-------- Provided records --------

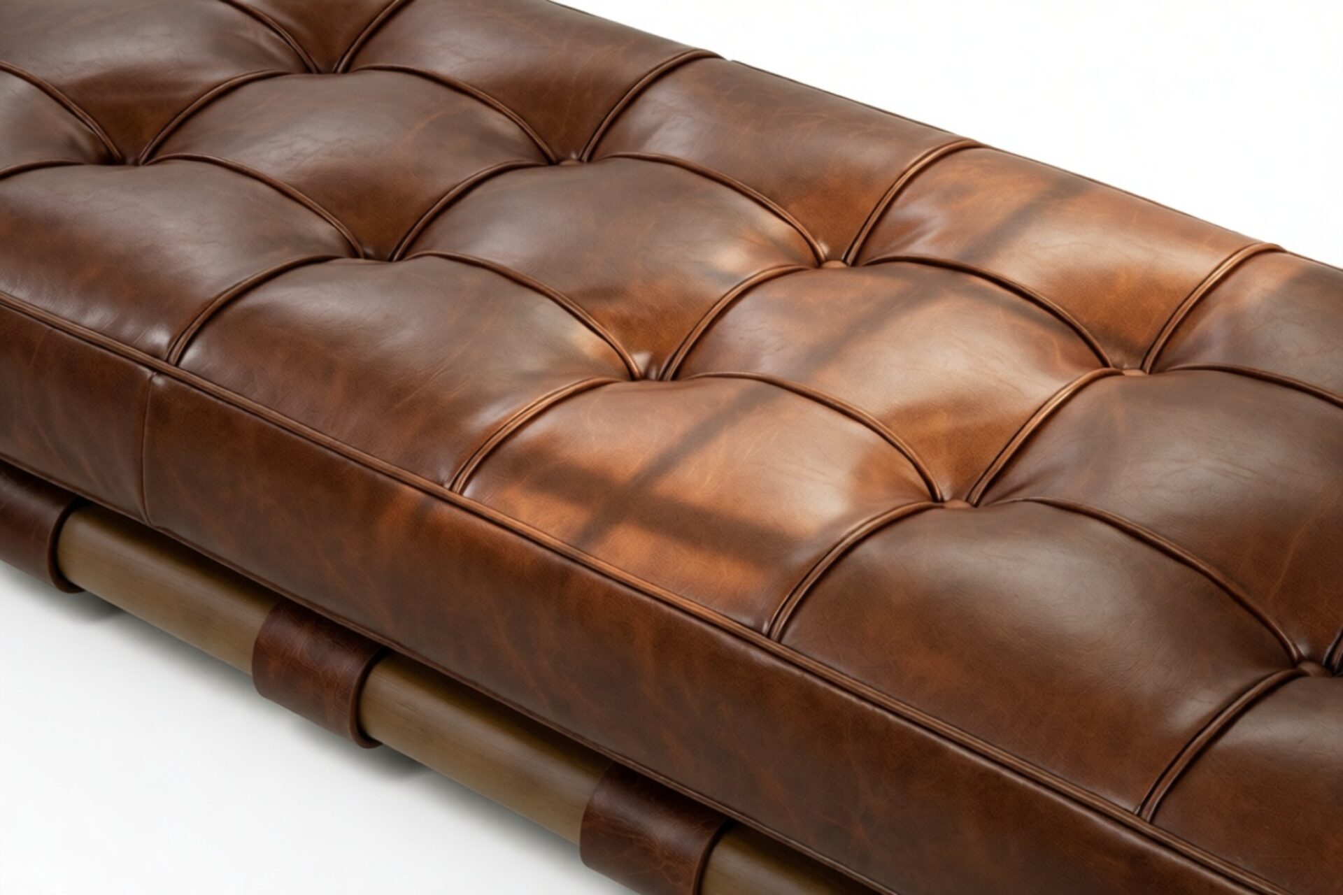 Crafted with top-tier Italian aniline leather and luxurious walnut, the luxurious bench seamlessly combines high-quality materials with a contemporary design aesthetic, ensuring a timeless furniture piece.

--------
-------- Provided records --------

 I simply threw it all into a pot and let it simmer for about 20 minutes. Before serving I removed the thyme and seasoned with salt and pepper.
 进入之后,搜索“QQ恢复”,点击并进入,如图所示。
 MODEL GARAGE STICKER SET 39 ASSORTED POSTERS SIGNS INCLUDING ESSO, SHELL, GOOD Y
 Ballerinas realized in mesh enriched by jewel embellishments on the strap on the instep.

--------

# Assignment
What is asked for is an exact copy of the lines above from the one containing "I simply threw" through the one containing "MODEL GARAGE STICKER", and only those.

# Task answer
 I simply threw it all into a pot and let it simmer for about 20 minutes. Before serving I removed the thyme and seasoned with salt and pepper.
 进入之后,搜索“QQ恢复”,点击并进入,如图所示。
 MODEL GARAGE STICKER SET 39 ASSORTED POSTERS SIGNS INCLUDING ESSO, SHELL, GOOD Y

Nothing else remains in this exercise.